The Four Chorals and Other Organ Music

Benjamin Saunders an der Orgel der Kathedrale von Leeds (UK)

Verlag/Label: Brilliant Classics 94958
erschienen in: organ 2015/03 , Seite 62

4 von 5 Orgeln

„Ohne Orgel bin ich kein Künstler, kein Mensch“, hat Hendrik Andriessen einmal in einem 1937 gegebenen Interview von sich selbst gesagt. Dabei war die Orgel keineswegs der einzige Schwerpunkt im Œuvre des 1892 in Haarlem geborenen und dortselbst 1981 verstorbenen Komponisten: Je vier Opern und Sinfonien, Konzerte, Chor- und Kammermusik und anderes mehr stehen auf seiner Werkliste. Gleichwohl ist es vor allem Andriessens Orgelmusik, die ihn insbesondere jenseits der niederländischen Grenzen in bleibender Erinnerung hält – auch wenn wenig von ihr ins gängige Konzertrepertoire eingegangen ist. Das könnte (und sollte) sich ändern angesichts der Einspielung, mit der Benjamin Saunders, Organist der Kathedrale von Leeds, an „seinem“ Instrument sechs große und zwei kleinere Orgelkompositionen von Andriessen präsentiert.
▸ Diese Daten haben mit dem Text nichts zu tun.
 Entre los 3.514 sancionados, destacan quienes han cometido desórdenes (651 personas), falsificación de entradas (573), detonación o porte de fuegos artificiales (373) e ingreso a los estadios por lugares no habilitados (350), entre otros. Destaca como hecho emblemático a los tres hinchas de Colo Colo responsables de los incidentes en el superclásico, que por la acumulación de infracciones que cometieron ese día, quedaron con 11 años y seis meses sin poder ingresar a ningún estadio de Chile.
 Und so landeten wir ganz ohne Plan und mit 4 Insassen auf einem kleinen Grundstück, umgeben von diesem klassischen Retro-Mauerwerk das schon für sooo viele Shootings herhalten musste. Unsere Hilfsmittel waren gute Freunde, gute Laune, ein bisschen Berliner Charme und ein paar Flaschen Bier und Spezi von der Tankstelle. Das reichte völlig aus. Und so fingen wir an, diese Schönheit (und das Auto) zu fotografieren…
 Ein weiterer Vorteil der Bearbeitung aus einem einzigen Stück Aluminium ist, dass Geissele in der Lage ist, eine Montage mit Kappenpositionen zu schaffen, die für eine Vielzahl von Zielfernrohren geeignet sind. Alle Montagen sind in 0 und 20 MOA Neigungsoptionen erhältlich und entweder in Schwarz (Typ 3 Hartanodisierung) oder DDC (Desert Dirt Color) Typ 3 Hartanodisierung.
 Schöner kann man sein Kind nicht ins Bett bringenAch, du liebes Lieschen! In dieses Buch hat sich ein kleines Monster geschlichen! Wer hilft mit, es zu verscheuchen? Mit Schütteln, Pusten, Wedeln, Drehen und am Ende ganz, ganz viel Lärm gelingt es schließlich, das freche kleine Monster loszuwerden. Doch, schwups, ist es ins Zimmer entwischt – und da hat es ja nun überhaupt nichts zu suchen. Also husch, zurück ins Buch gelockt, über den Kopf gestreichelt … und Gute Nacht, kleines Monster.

Da wären die Vier Choräle – wer da gleich an César Franck denkt, liegt nicht falsch. Denn es ist die französische Romantik, an der Andriessen sich zu einer Zeit orientiert, da sie in seiner Heimat so gut wie noch nicht bekannt war. Der Premier Choral von 1913 wirkt wie ein später Gruß an den Pariser Meis­ter von Sainte-Clotilde, der Deuxième Choral von 1916 verrät schon Andriessens Entwicklung hin zu einer eigenen Tonsprache, die er dann in den beiden folgenden Chorälen (1920/21) weiter ausbildet. „Verstiegene“ Harmonik steht neben herber Lyrik, momenthaft scheint Charles Tournemires Klanglichkeit auf (Andriessen hat ihn 1920 in Paris besucht).
Wenig später blickt Andriessen mit seiner Sonata da chiesa zurück auf die barocke Formtradition und Registrierpraxis. In dieser Sonata, die nichts anderes als einen sechsteiligen Variationszyklus darstellt, wird seine Sprache „einfacher“ – was auch für das über zwanzig Jahre später geschriebene Thema met Variaties gilt, das der englischen Organistin und Uraufführungsinterpretin Susan Jeans gewidmet ist.
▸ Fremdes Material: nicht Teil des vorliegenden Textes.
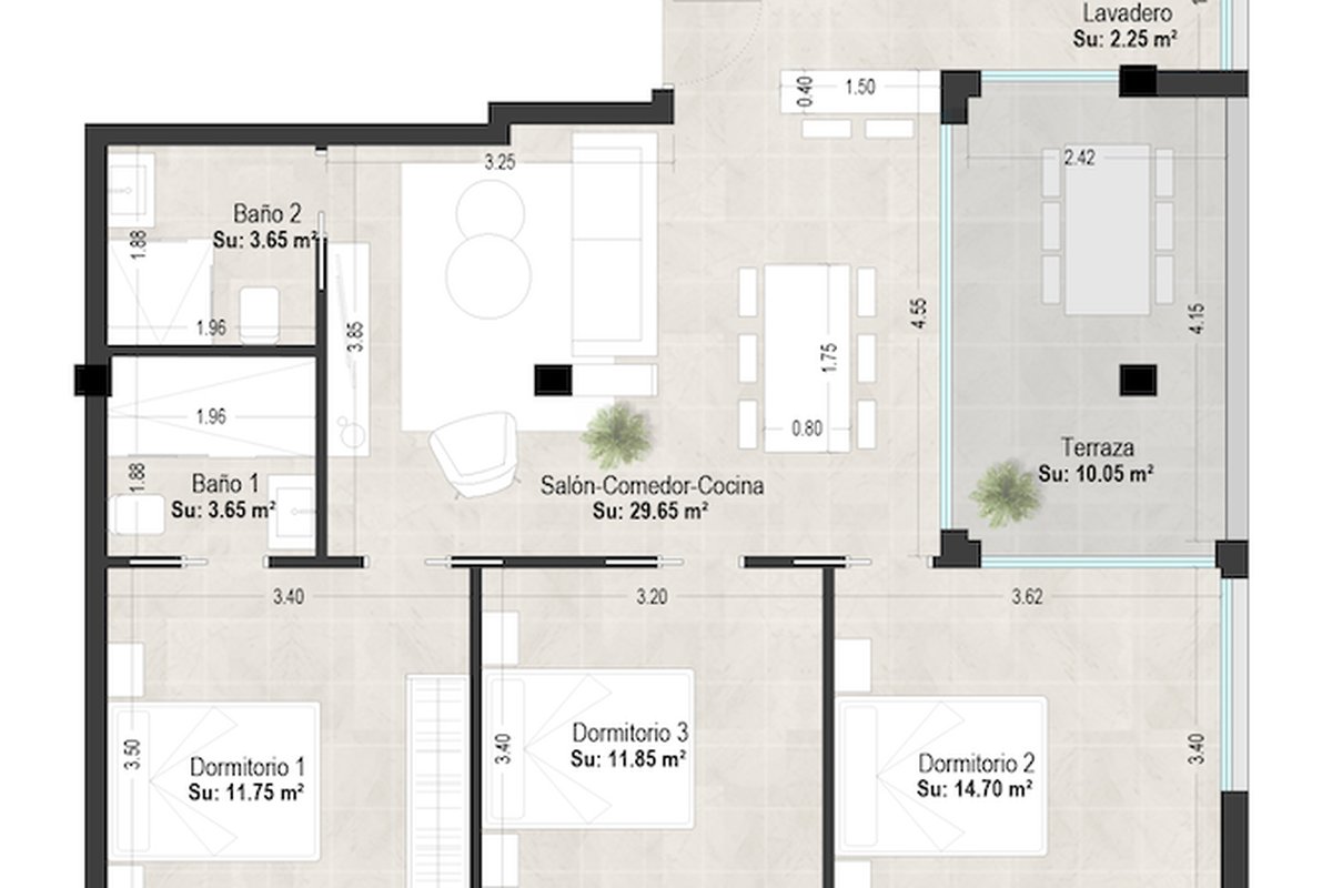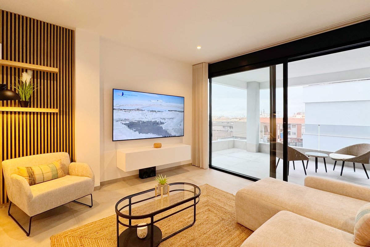 Translated to English: Amplio y luminoso apartamento situado en San Pedro del Pinatar, a tan solo 2 kilómetros del mar, en un entorno tranquilo y bien comunicado que combina lo mejor de la costa con todos los servicios de una localidad viva durante todo el año. La vivienda cuenta con tres dormitorios y dos baños completos, ideal para familias, como segunda residencia o como inversión para el alquiler vacacional. Dispone de una amplia terraza perfecta para disfrutar del clima mediterráneo, ideal para comer al aire libre, relajarse al sol o compartir momentos en familia o con amigos.

Benjamin Saunders hat ein äußerst sensibles Ohr für die verschiedenen Ästhetiken dieser Musik, macht sie lebendig und absolut hörenswert und ist ihren technischen Anforderungen mühelos gewachsen. Die Klais-Orgel von 2010 (V + P/ 49), erbaut unter Verwendung von Material der Vorgänger-Orgel (Norman & Beard, 1904), spricht deutlich englisches Idiom, ist aber von der Aufnahmetechnik nicht optimal eingefangen – was sicher vorab den örtlichen Gegebenheiten zuzuschreiben ist (das Instrument teilt sich in Hauptschiff- und Chor­orgel).
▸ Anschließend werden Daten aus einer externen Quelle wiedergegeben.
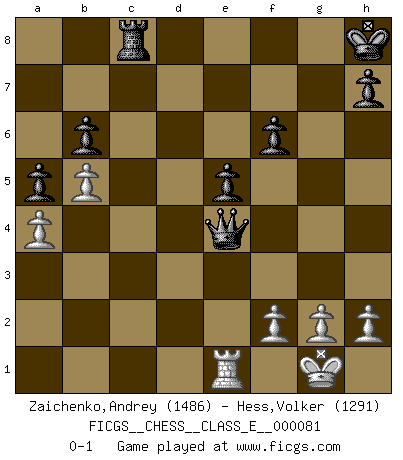 Last move : 0-1 2008 May 5 10:26:56 [Event "FICGS__CHESS__CLASS_E__000081"] [Site "FICGS"] [Date "2008.04.21"] [Round "1"] [White "Zaichenko,Andrey"] [Black "Hess,Volker"] [Result "0-1"] [WhiteElo "1486"] [BlackElo "1291"] 1.b4 a5 2.b5 c6 3.e4 e5 4.Qh5 d6 5.Qd1 Nf6 6.d3 Be7 7.a4 Bd7 8.c4 O-O 9.Be2 d5 10.exd5 cxd5 11.cxd5 Nxd5 12.Nf3 Nb4 13.O-O Bf6 14.Nc3 e4 15.Nxe4 Bxa1 16.d4 Bf5 17.Ng3 Bg6 18.Bg5 f6 19.Bc4+ Bf7 20.Bxf7+ Rxf7 21.Be3 Bc3 22.Ne4 Nd5 23.Nxc3 Nxc3 24.Qb3 Ne4 25.d5 Kh8 26.Qc4 Nd6 27.Qg4 Nd7 28.Rd1 Ne5 29.Nxe5 fxe5 30.Bc5 b6 31.Ba3 Rd7 32.Qe6 Nc4 33.Bc1 Qe8 34.Qg4 Nd6 35.Re1 Rc8 36.Qg3 Ne4 37.Qg4 Nf6 38.Qf3 Rxd5 39.Bg5 Qg6 40.Bxf6 gxf6 41.Qxd5 Qc2 42.Qe4 Qxe4 0-1 Polish (Sokolsky) opening Kingside Castling by player Black (move 8) Kingside Castling by player White (move 13) Player Black won this chess game. Follow this game move after move (download)I won't play with you anymore. You have insulted my friend. - When an opponent cursed himself for a blunder. (Miguel Najdorf) Ich moechte nie einem Club beitreten, der Leute wie mich als Mitglieder aufnimmt. (Woody Allen) Cada Peón es potencialmente una Reina. (James Mason) Le succès, c'est être capable d'aller d'échec en échec sans perdre son enthousiasme. (Winston Churchill) When you have everything, sometimes it feels like nothing. (Horatio Caine, C.S.I. Miami)

Die acht Textseiten des Booklets liefern nur spärliche Informationen sowohl über den Komponisten, seine Werke als auch die Orgel – schade! Aber es lohnt, sich mit Andriessens Biografie und dem Œuvre dieses katholischen (!) Organisten aus den Niederlanden auseinanderzusetzen, der sich geweigert hat, der Nazi-deutschen „Kulturkammer“ beizutreten und dafür mit Auftritts- und Aufführungsverbot belegt wurde.